Hi! im thinking of moving to mexico, either in SLP or Guadalajara maybe even colima. But i was wondering what is the pay like for someone in HR? Would it be possible to work for am american company and just be in mexico? the only thing holding me back is the HUGE paycut that could possibly happen.


----------



## Isla Verde (Oct 19, 2011)

Lilly381 said:


> Hi! im thinking of moving to mexico, either in SLP or Guadalajara maybe even colima. But i was wondering what is the pay like for someone in HR? Would it be possible to work for am american company and just be in mexico? the only thing holding me back is the HUGE paycut that could possibly happen.


I know nothing of salaries for HR in Mexico, but I'm sure they are much, much lower than they are in the States. In any event, to be qualified for something like that, you'd need to be fluent in Spanish.


----------



## joaquinx (Jul 3, 2010)

Lilly381 said:


> Hi! im thinking of moving to mexico, either in SLP or Guadalajara maybe even colima. But i was wondering what is the pay like for someone in HR? Would it be possible to work for am american company and just be in mexico? the only thing holding me back is the HUGE paycut that could possibly happen.

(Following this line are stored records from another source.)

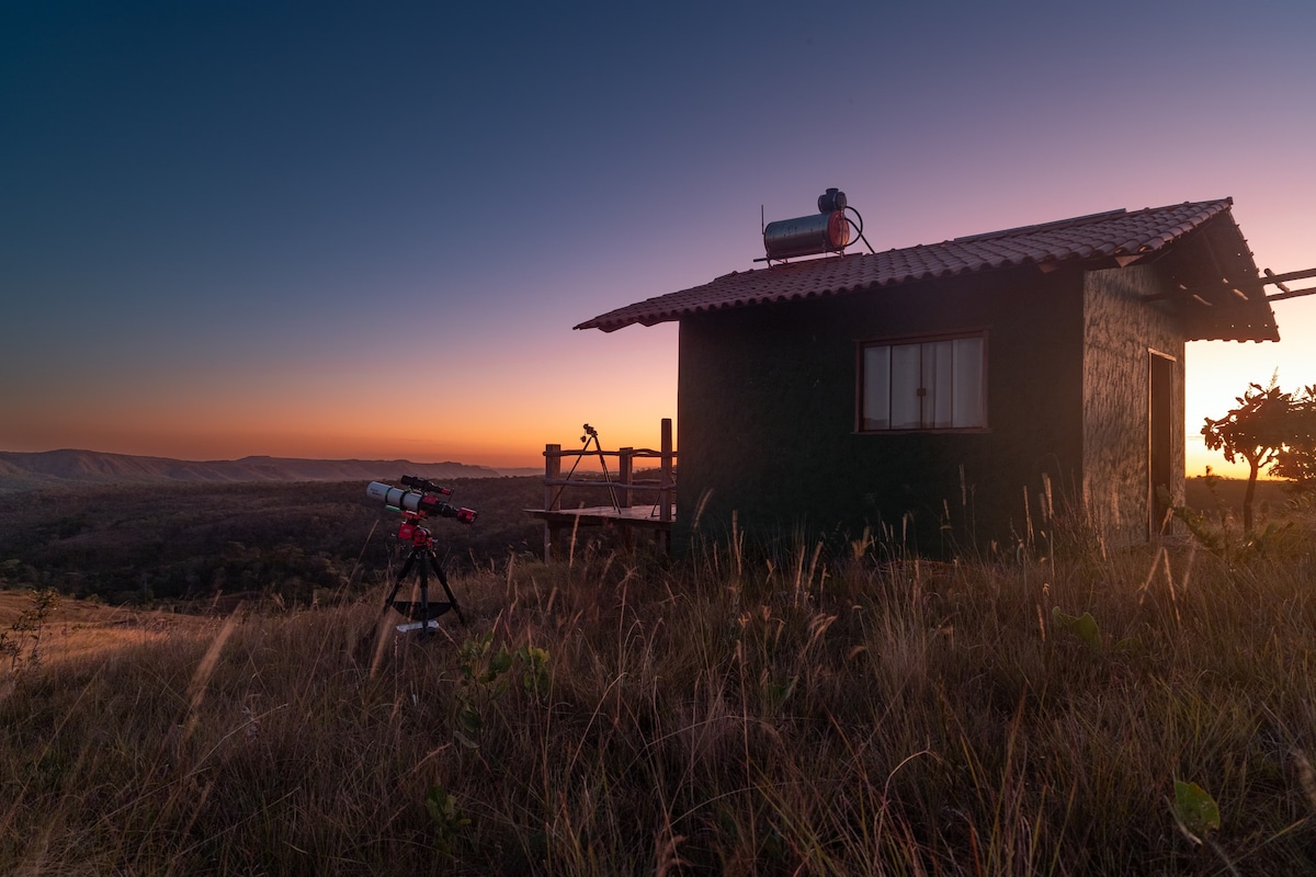 Bem vindo ao Chalé Lobeirinha, com vista panorâmica e ao lado do pé da Lobeira, árvore nativa do Cerrado! Aqui você vai avistar diversas espécies de aves, uma vista para o nascer do sol e um céu estrelado 360º. Um estilo de vida repleto de natureza e muita tranquilidade. > Privacidade e sossego apenas 5 min. do Centrinho > Vista exclusiva para o nascer do sol, pôr do sol e nascer da Lua cheia > Cozinha e Wifi e Smart TV. > Oferecemos roupa de cama e banho
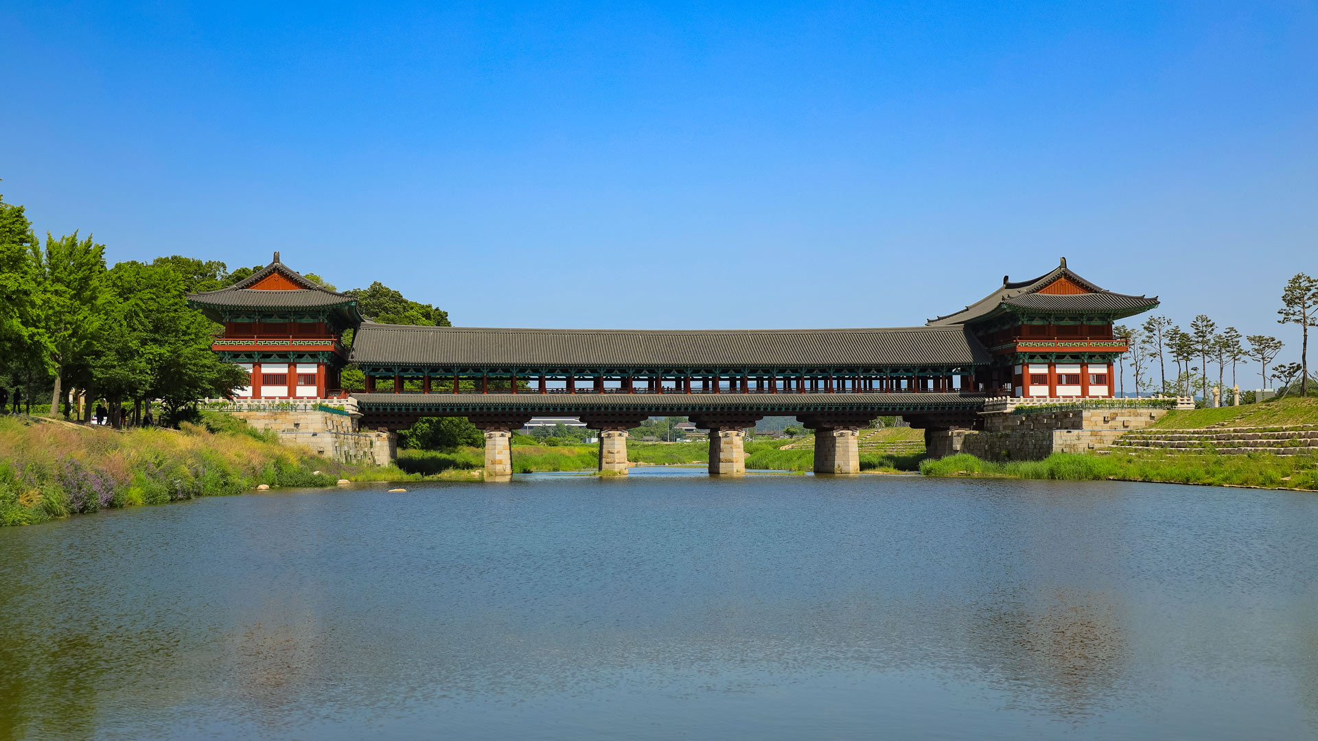 En après-midi, vous rejoindrez la ville de Gyeongju, véritable bastion de la culture coréenne. Elle fut la capitale du royaume de Silla pendant près de 1000 ans (57 av. J.-C. – 935) et son cœur historique, protégé par l’UNESCO, regorge de sites couvrant cette période. Passage par le palais royal Donggung, aménagé sur les bords de l’étang Wolji lors du règne du roi Munmu (VIIe siècle). L’endroit est particulièrement photogénique en soirée lorsqu’illuminé. Enfin, vous serez émerveillés à la vue du plus grand pont couvert en bois de Corée, le pont Woljeonggyo (66,15 mètres de long et 13 mètres de large). PD/D/S
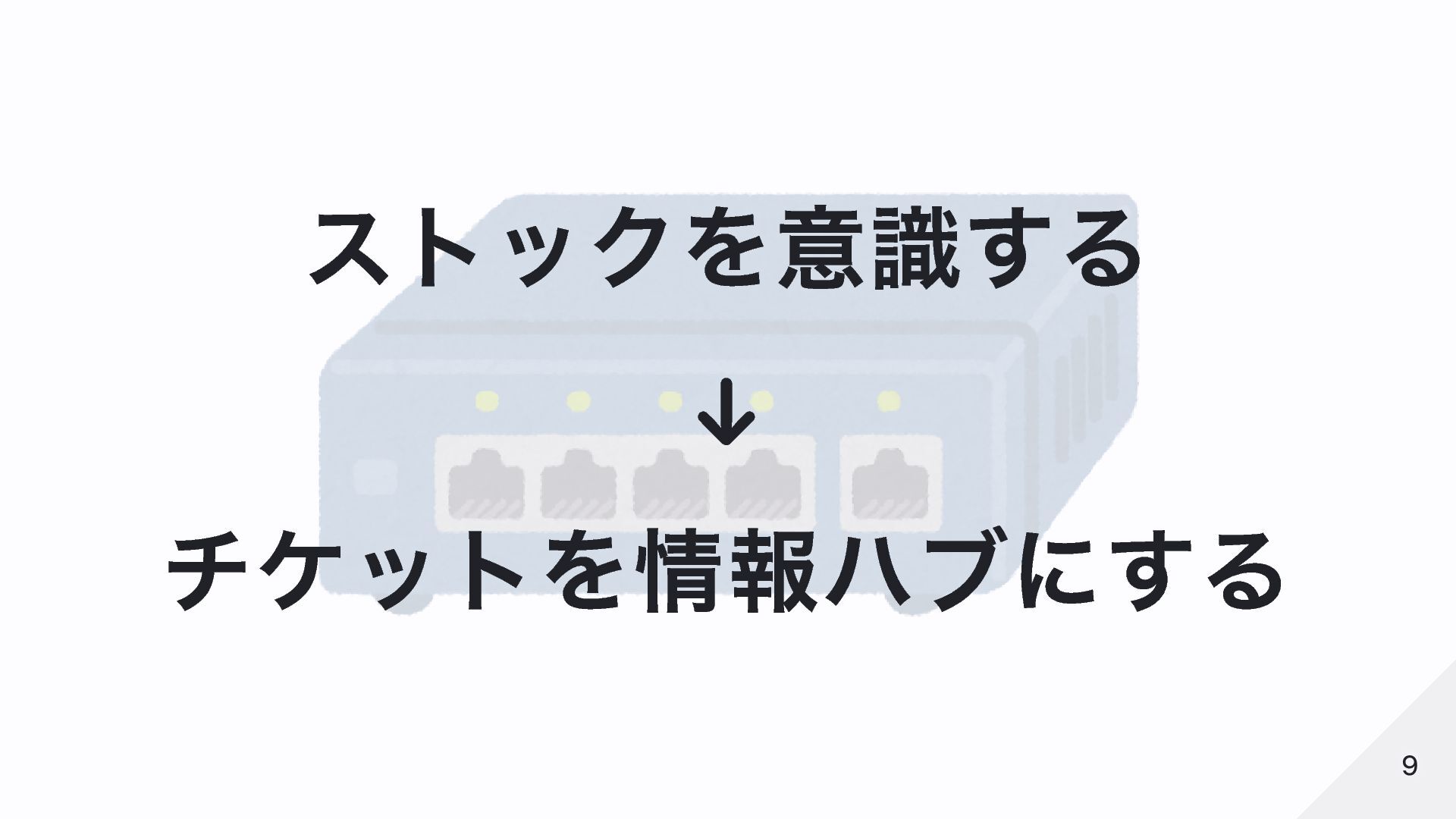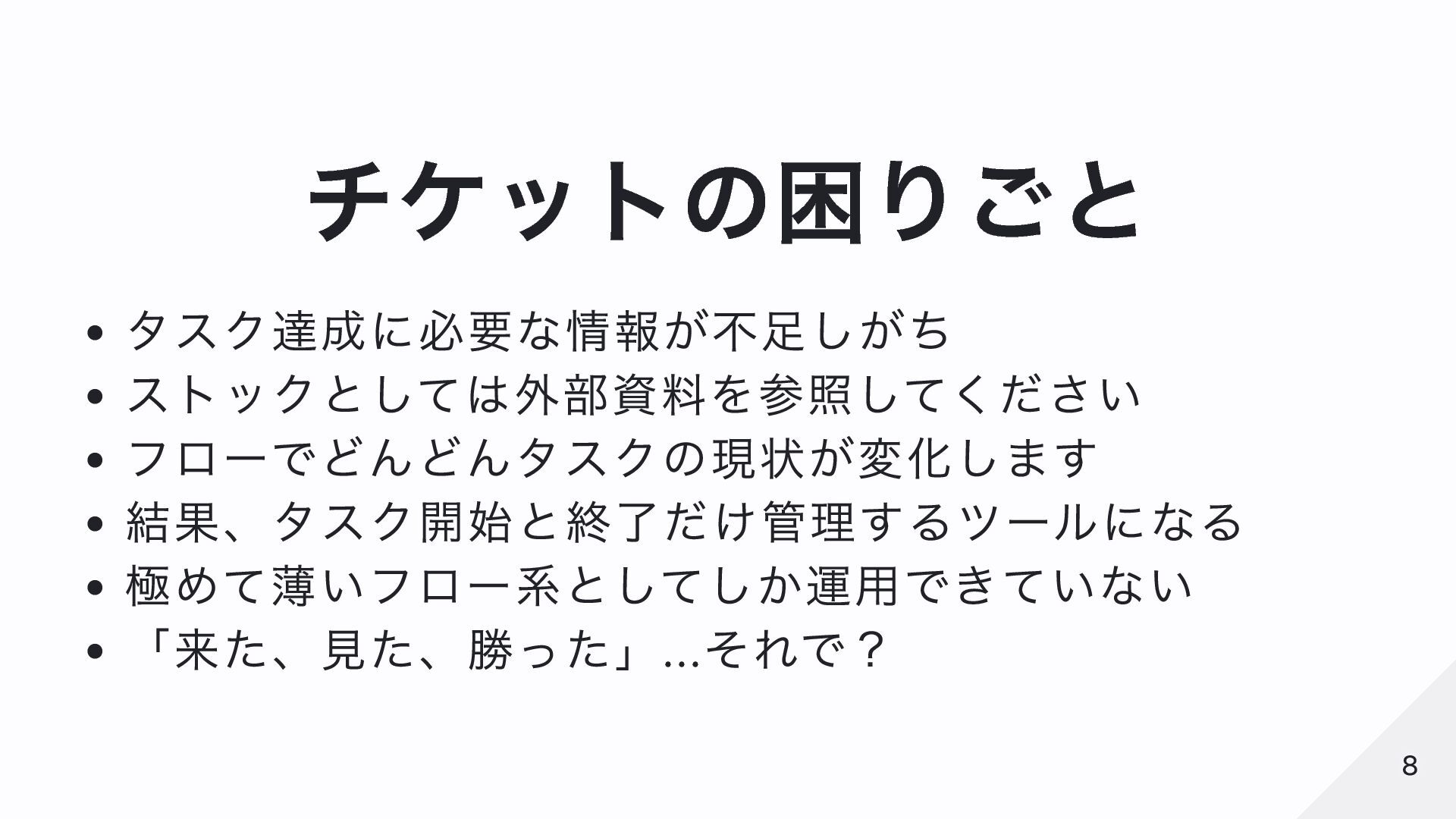 チケットの困りごと タスク達成に必要な情報が不足しがち ストックとしては外部資料を参照してください フローでどんどんタスクの現状が変化します 結果、タスク開始と終了だけ管理するツールになる 極めて薄いフロー系としてしか運用できていない 「来た、見た、勝った」...それで? 8 8
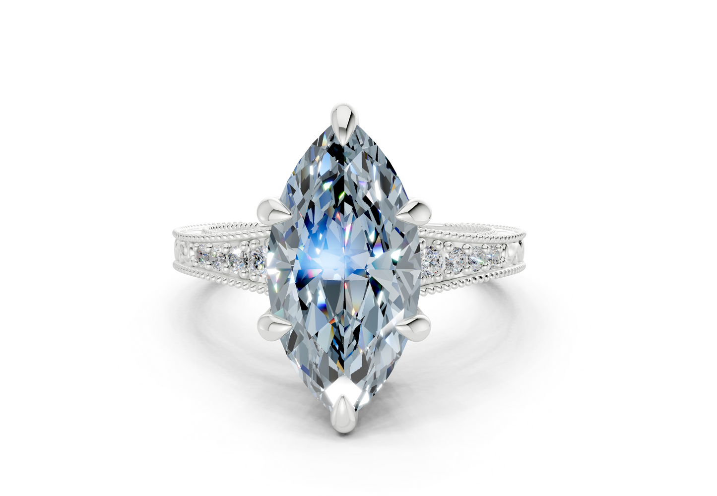 Asteria Blue Diamond Vintage Marquise Cut 2mm Engagement Ring

I will be easier to apply for a job with an American company that has offices in Mexico. In this way, you can combine the job and the visa at that same time.


----------



## Lilly381 (Nov 7, 2013)

I am fully fluent in Spanish, i go back and forth to mexico a few time a year.


----------



## RVGRINGO (May 16, 2007)

But, can you qualify for a residence visa to live in Mexico? If not, you would have to investigate opportunities to be hired before moving, in order to get a visa with the sponsorship of your employer. Note that you cannot come as a tourist and convert to a visa; you would have to leave Mexico, apply at a consulate in your home country, then take your approval to Mexico in a certain time frame and complete the visa process there.
Things have changed.


----------



## Lilly381 (Nov 7, 2013)

Wow sounds like a long process, would it be easier if i become a dual citizen via my parents or husband? they are both mexican citizens. Im sure if i sound unexperienced in this whole sector, this is the 1st time i have even considered moving or working in mexico for a long time.


----------



## RVGRINGO (May 16, 2007)

As a foreigner, you would need a visa with working permission granted by INM immigration authorities.
If your parents are Mexican, you may use their documents to establish your right to Mexican citizenship. See your nearest Mexican consulate and apply there. They may give you the list of documents you will need if you phone them for an appointment.
You could apply for Residente Permanente as the spouse of a Mexican, but it would take two years in that status before you could apply for naturalization. The parental route is almost instant & would get you a Mexican passport. Then, you will need to shop for a car in Mexico, as Mexican citizens and Residente Permanente folks cannot drive foreign plated cars if living in Mexico. I know some US residents, who are dual citizens or green card holders can, but I do not know the procedures for them.


----------



## Lilly381 (Nov 7, 2013)

Awesome thank you SOOOO MUCH  :wave:


----------



## Longford (May 25, 2012)

The chances of your obtain an HR position in Mexico are between slim and none. Companies look for someone well-versed in Mexican labor regulation and associated regulations. There are so many qualified HR people looking for work or better jobs, in all honesty you don't stand a chance.


----------